Abstract
Introduction: Diseases caused by protozoa are one of the leading causes of death worldwide, especially in tropical regions such as Brazil. Chagas disease, leishmaniasis, and malaria are responsible for around 234 million cases and more than 400,000 deaths worldwide. Despite this scenario, drugs for these diseases have several limitations, which justifies the search for new treatments. Iron superoxide dismutase is a promising target for the drug design to treat patients with these diseases. It is a validated target and protects against oxidative stress.
Aim: Thus, this systematic review aimed to synthesize evidence on the importance of superoxide dismutase in the drug design to treat patients with this protozoosis.
Methods: A search was performed for in vitro and in vivo studies, without publication and language restrictions, in MEDLINE (PubMed), LILACS (BVS), Science Direct, and EMBASE (Elsevier). Studies that pointed to the relationship between the reduction or increase in superoxide dismutase activity and the diseases were included. 23 studies were selected for the qualitative synthesis.

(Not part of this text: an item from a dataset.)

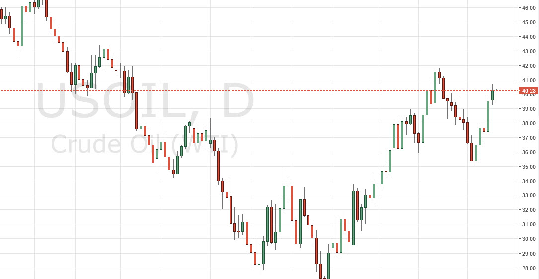 The WTI Crude Oil market continues to show strength during the session on Monday, as we broke above the $40 level. Ultimately, there is quite a bit of resistance above at the $42 handle, and although we show quite a bit of strength, I am a bit hesitant to get too excited about this move. Yes, I believe that we do continue higher today, but in the end a lot of this is based upon optimism of the upcoming April 17 meeting held by oil producing countries. If a proposed production freeze does in fact happen, the question then becomes whether or not the market will continue to go higher based upon any decision made in favor of doing so. I believe that the market is essentially “front running” that potential decision. I believe that an exhaustive candle in this area would be a selling opportunity, but for the next several days you would have to think that the optimism should continue. On the other hand, if they do not announce a production freeze, this market will turn right back around.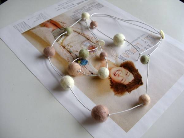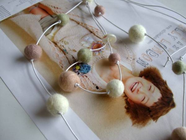 愛らしさの条件・・シリーズです♪フェルト玉マニアⅠ・・ふんわりやさしいフェルト玉のネックレス、ブレスレットの2点セットです♪ピンクやモスグリーン、ナチュラルホワイトなどやさしい色のフェルト玉を白のレザーコードに紡いでキュートな表情です♪フェルト玉は10ミリから20ミリ位までの大きさ違いです♪ネックレスは90センチ位で調節自由です♪ブレスレットは28センチ位で調節出来ます♪単品やピアスも出品しています♪ハンドメイドをご理解いただいてノークレーム、ノーリターンでお願いします♪

Results: The results showed that the inhibition or reduction of the enzyme activity decreases the degree of infection and reinfection and improves the results in treating these diseases. In contrast, the increase in activity caused a high degree of survival and resistance of the parasites.
Conclusion: However, the overall quality of evidence is low and more studies with methodological rigor are provided.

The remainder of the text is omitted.